Nanomedicine Manufacturing Laboratory (NML) is a materials-focused research and manufacturing laboratory specializing in the sterile production of nanomaterials and biomaterials for imaging, drug delivery, and oxygen delivery. The Nanomedicine Manufacturing Laboratory manufactures nanoemulsions, microemulsions, micelles, colloidal dispersions, solid lipid nanoparticles, and hydrogel-based biomaterials, with routine production at the liter scale using controlled, reproducible processes.

All materials are produced under defined manufacturing workflows with embedded Quality-by-Design (QbD) principles. The Nanomedicine Manufacturing Laboratory conducts in-house material characterizations, pharmacological testing, and quality control, including batch-release testing prior to delivery to collaborating laboratories across the USA and abroad. Products are manufactured as sterile formulations when required and prepared for local, parenteral, or implantable use depending on the application.

The Nanomedicine Manufacturing Laboratory maintains a comprehensive product-tracking and quality-monitoring systems for all nanomedicine and biomaterial products developed under collaborative projects. Each product is uniquely coded, documented, tested, and released to collaborating laboratories only after a Certificate of Analysis (CoA) is issued. All collaborating sites are required to execute a Material Request Form, enabling continued quality control monitoring across the full product lifecycle—from manufacture through study completion and post-use assessment.

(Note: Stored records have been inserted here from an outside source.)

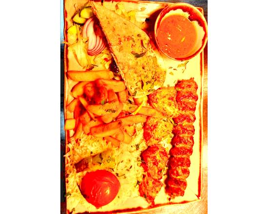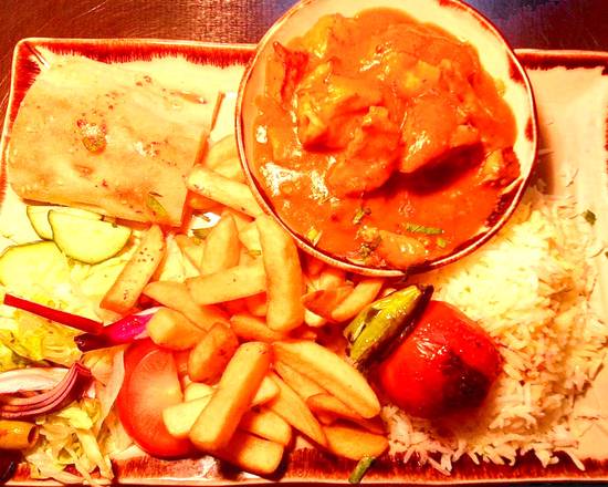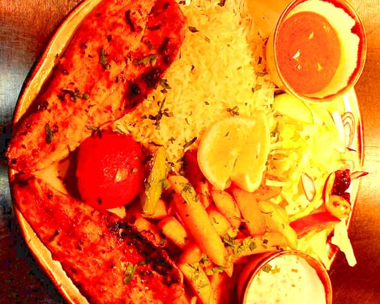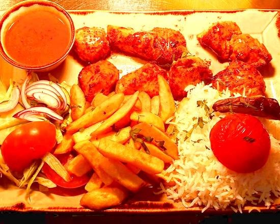 A: Most charcoal main courses and kebabs are served with chips, rice, and salad.
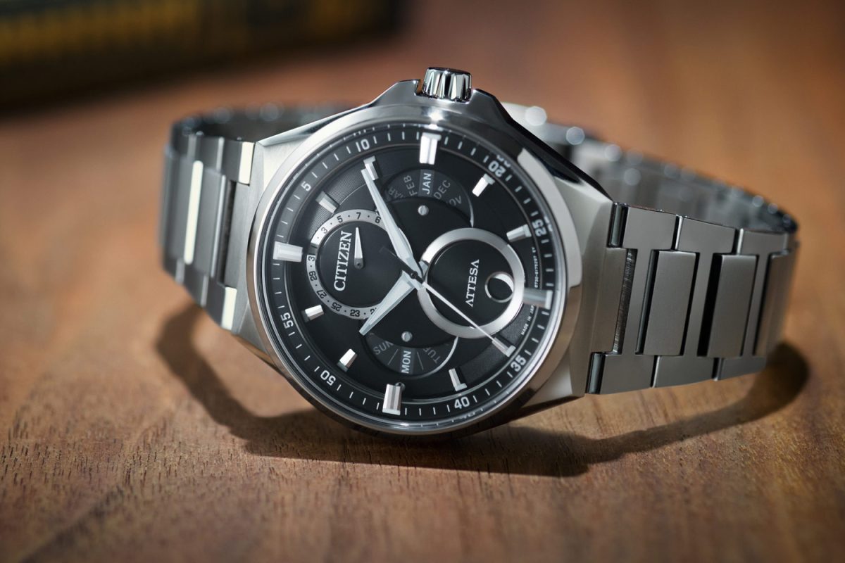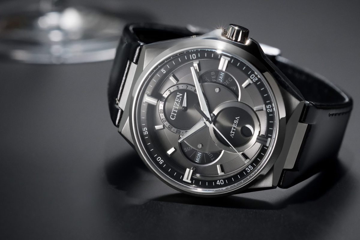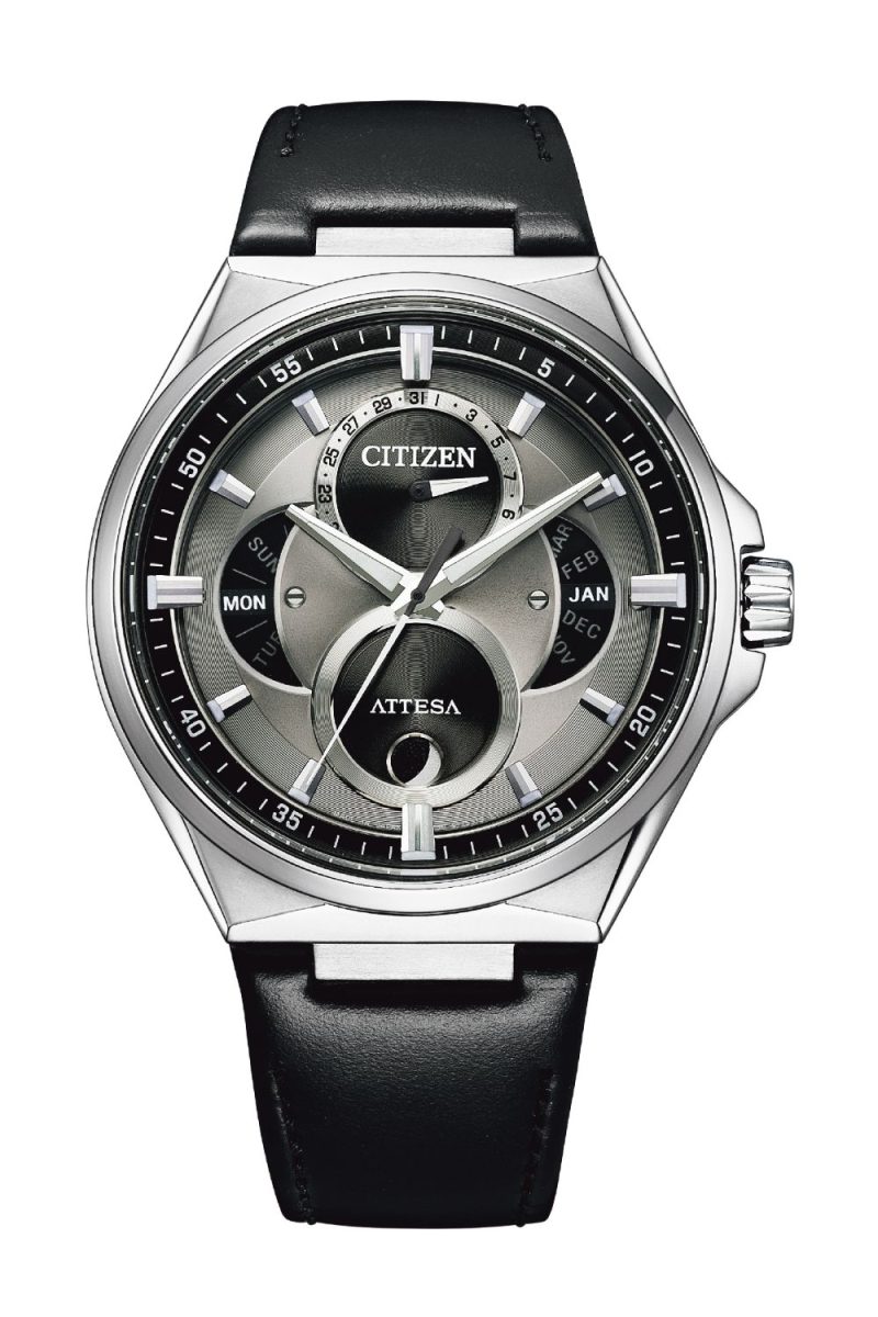 「蝕月黑」的BU0060-68E則是透過亮銀色的鈦金屬錶帶展現如同黑夜中透出的一道月光般非凡的色澤。BU0060-09H「月夜灰」錶盤配色以深沉且延展性強烈的灰色基底,與紳士風格的小牛皮錶帶相應,十分符合現今日系商務休閒穿搭。CITIZEN期盼透過三款全新「光動能月相腕錶」,共同與全台型男打造日系紳士品味的全新篇章。
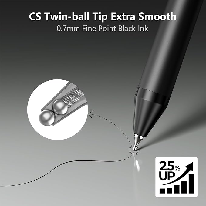 - 【0.7MM Smooth Writing】Featuring an advanced CS Twin-ball pen tip design reduces friction by 25% over standard nibs and delivers fine strokes, preventing hand fatigue and providing a more consistent and smooth writing feel. It is ideal for quick notes and long sketches. Note: Remove the sealing wax before use.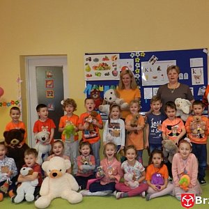 Dzisiaj w każdym sklepie z zabawkami możemy natknąć się na pluszowe misie. Nie można wyobrazić sobie świata bez uroczego, łagodnego misia. Dlatego nasze przedszkole zaprosiło do siebie na tydzień pluszowe misie, aby razem z przedszkolakami spędziły wesoły czas. Przez cały tydzień dzieci w towarzystwie swoich przytulanek brały udział w zabawach dydaktycznych, słuchaniu misiowych bajek, quizach, konkursach i tworzeniu prac plastycznych. W poszukiwaniu misiowej literatury dzieci wychodziły do bibliotek, a starsze grupy przygotowywały miodowe przysmaki. Finałem misiowego zawrotu głowy, był Bal Pluszowego Misia, który odbył się 25 listopada. Stawiły się na niego wszystkie pluszaki wraz ze swoimi właścicielami. Każda grupa zadbała o strój w wybranym kolorze. Do muzycznych zabaw i konkursów zaprosił dzieci, nie kto inny jak Kubuś Puchatek we własnej osobie i jego przyjaciel Tygrys. Całe przedszkole tańczyło w rytmach misiowych przebojów . Dla łakomczuszków, Kubuś zorganizował miodek do "wylizywania" na czas oraz miodowe kuleczki do nawlekania. Na pożegnanie wesoły klaun obdarował wszystkie przedszkolaki misiowymi słodkościami . Puchatek, Coralgol, Paddington, Miś Uszatek, Yogi, Rupert, Brat Niedźwiedź, Mały Miś, Troskliwe Misie i Gumisie wróciły do domu, ale już za rok ponownie zaprosimy ich na bal.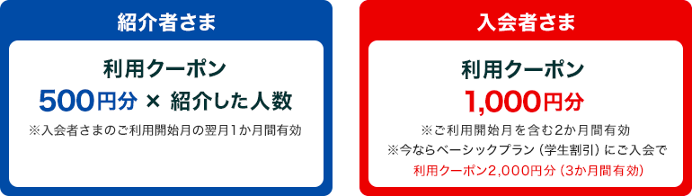 お友達を紹介した方も、紹介を受けた方も利用クーポンがもらえます。

The Nanomedicine Manufacturing Laboratory products are rigorously evaluated for safety, performance, and reproducibility across multiple preclinical models and collaborative programs. This work is supported by the U.S. Air Force, Congressionally Directed Medical Research Programs, National Institutes of Health, and ARPA-H, and involves partners across academia, industry, and government.
This image depicts the Nanomedicine Manufacturing Lab’s scalable production and quality control capabilities. A young woman stands beside manufacturing equipment with bottles of green liquid, a large-scale nanoemulsion product produced at 2 L, alongside graphs representing data analysis and monitoring. Highlighted functions include batch coding and tracking, stability and degradation testing, drug content and release analysis (HPLC/LCMS), sterility testing (USP-guided), predictive storage modeling, lyophilization, and sterile filling for large-scale batches. These manufacturing processes support reproducible drug delivery and translation to preclinical and clinical applications.
NML has also been a full MTEC Member since 2023.

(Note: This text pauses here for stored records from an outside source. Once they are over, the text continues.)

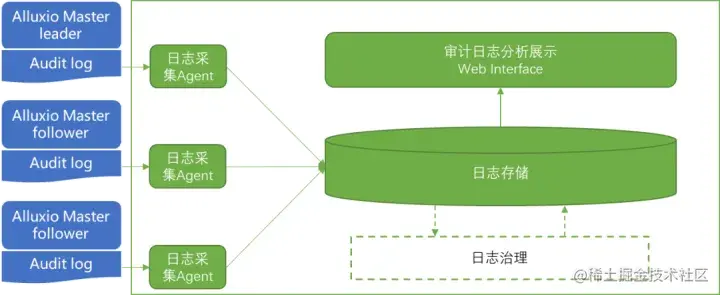 Alluxio的审计日志在整个系统中是数据源性质的存在。Alluxio 支持审计日志功能,Leader Master 通过 audit log 的方式记录用户的行为,从而满足审计、问题回溯分析、用户行为分析以及冷热数据分析等需求。虽然audit log只在Leader Master才真正有记录,但是因为Alluxio Master存在切换的可能,所以,任何一个Master都有可能会生成audit log,都需要收集、分析。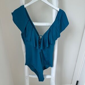 •This elegant blue swimsuit from Jantzen features a playful ruffled neckline and shoulders, creating a fluttery cap sleeve effect. The plunging V-neckline with a lace-up detail adds a touch of sophistication, while the high-cut leg line ensures a sleek silhouette.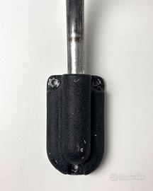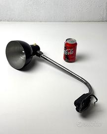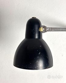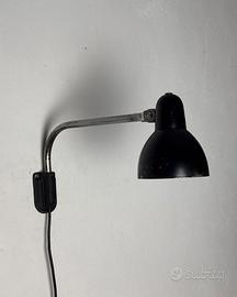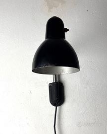 Lampada da parete lampioncino industriale vintage in perfetto stile Bauhaus prodotto in Germania negli anni '30. Il paralume in metallo smaltato nero porta l'interruttore, lo stelo a "L" è in ferro grezzo si innesta nella base nera con effetto bucciato in alluminio pressofuso. Oltre al paralume inclinabile, la lampada può ruotare di 180° La lampada è perfettamente funzionante in perfette condizioni con piccoli segni del tempo compatibili con l'età, il cablaggio è stato ricondizionato rispettando le specifiche dell'epoca, monta una lampadina (non compresa) con attacco E27.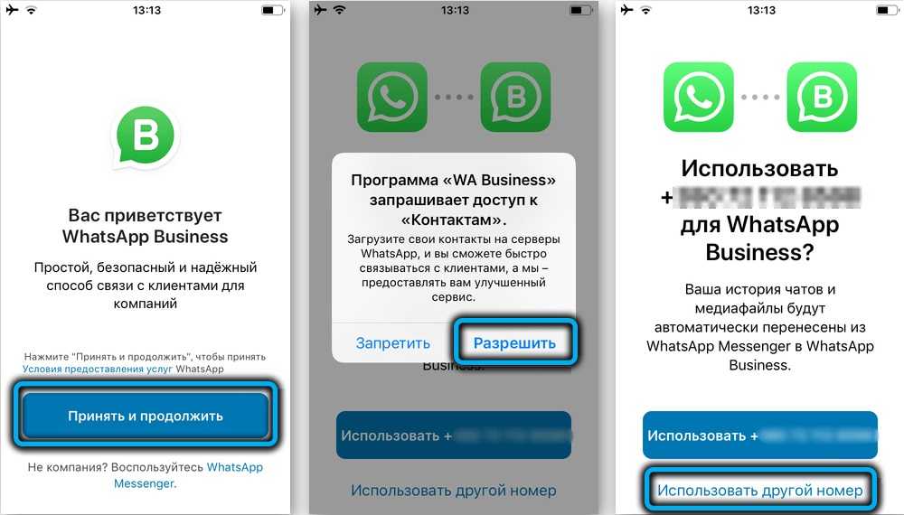 Для этого предложение использовать зарегистрированный номер нужно проигнорировать, выбрав вариант «Использовать другой номер». Кстати, установку бизнес-версии приложения вполне можно использовать и на Android-устройствах в качестве альтернативы всем рассмотренным вариантам.

Pain nanomedicine at the Nanomedicine Manufacturing Laboratory is an innovative, non-opioid analgesic platform designed to support injury-specific targeted neuroimmunomodulation, neuroregeneration, and neuromuscular recovery. The platform achieves targeted, sustained modulation of neuroimmune interactions at the site of injury while minimizing systemic exposure and avoiding side effects in the central nervous system, gastrointestinal tract, and cardiovascular system. Non-invasive imaging is used to monitor the localization and persistence of nanomedicine at the target site over time, enabling correlation between biodistribution and functional outcomes, including neuromuscular recovery and prolonged analgesia. To date, pain nanomedicine has been evaluated in numerous preclinical models. Through partnerships with collaborating laboratories in neuroscience, pain biology, and reconstructive surgery, pain nanomedicine has also contributed to the discovery of new mechanisms in pain biology. Theranostic pain nanomedicine has been successfully used as a nanoimaging probe to investigate pain mechanisms, particularly the roles of immune cells. At Duquesne University, John A. Pollock, Professor of Neuroscience, and his lab have used this platform to establish the role of immune cells in acute and chronic neuropathic pain and to elucidate sex differences in pain biology.

This image illustrates the therapeutic and diagnostic mechanism of a theranostic nanoemulsion (CUR-NE) in a Complete Freund’s Adjuvant (CFA) rat model of inflammation. Representative diagrams of the nanoparticle, the macrophages carrying nanoparticles in bloodstream, the change from M1 to M2 macrophage polarity and histological analysis of macrophage infiltration at the inflamed site are shown.

Image reproduced from: J Nanobiotechnol 23, 80 (2025). https://doi.org/10.1186/s12951-025-03164-w

Funding:

  • W81XWH-20-1-0854: Long-Acting Non-Opioid Analgesic (LANA) Nanomedicine for Rapid, Single Dose, Sustained Pain Control and Rehabilitation Support After Neuromusculoskeletal Injury)
  • AFMSA FA8650-17-2-6836: A Targeted, Local, Non-Opioid Therapeutic Strategy for Mitigation, Modulation, and Management of Trauma Induced Neuropathic Pain
  • NIH NIDA R21 DA039621-01: Theranostic Pain Nanomedicines: imaging inflammation, reducing pain and need for opioids
  • W81XWH-20-1-0276: Neuro-Immuno Modulating Analgesic (NIMA) Nanomedicine Platform for Treatment of Diabetic Neuropathy

Patents filed in 2025.

Oxygen-delivery materials developed at the Nanomedicine Manufacturing Laboratory are based on perfluorocarbon nanoemulsions (PFC-NEs), which function as biocompatible, acellular oxygen carriers with high oxygen solubility and chemical and metabolic inertness. Unlike hemoglobin-based systems, oxygen delivery from perfluorocarbons is directly governed by local oxygen partial pressure, enabling controlled delivery to hypoxic tissues. The Nanomedicine Manufacturing Laboratory has developed stable, nanoscale perfluorocarbon formulations that support oxygen delivery, alone or in combination with therapeutic and imaging components, enabling extended (> 48h) metabolic support and organ viability, and enabling real-time, non-invasive imaging of perfusate flow during machine perfusion. For applications including machine-based tissue, limb, and solid-organ preservation, these materials are engineered to access distal microvasculature, maintain stability during extended perfusion, and enable non-invasive tracking of perfusate distribution.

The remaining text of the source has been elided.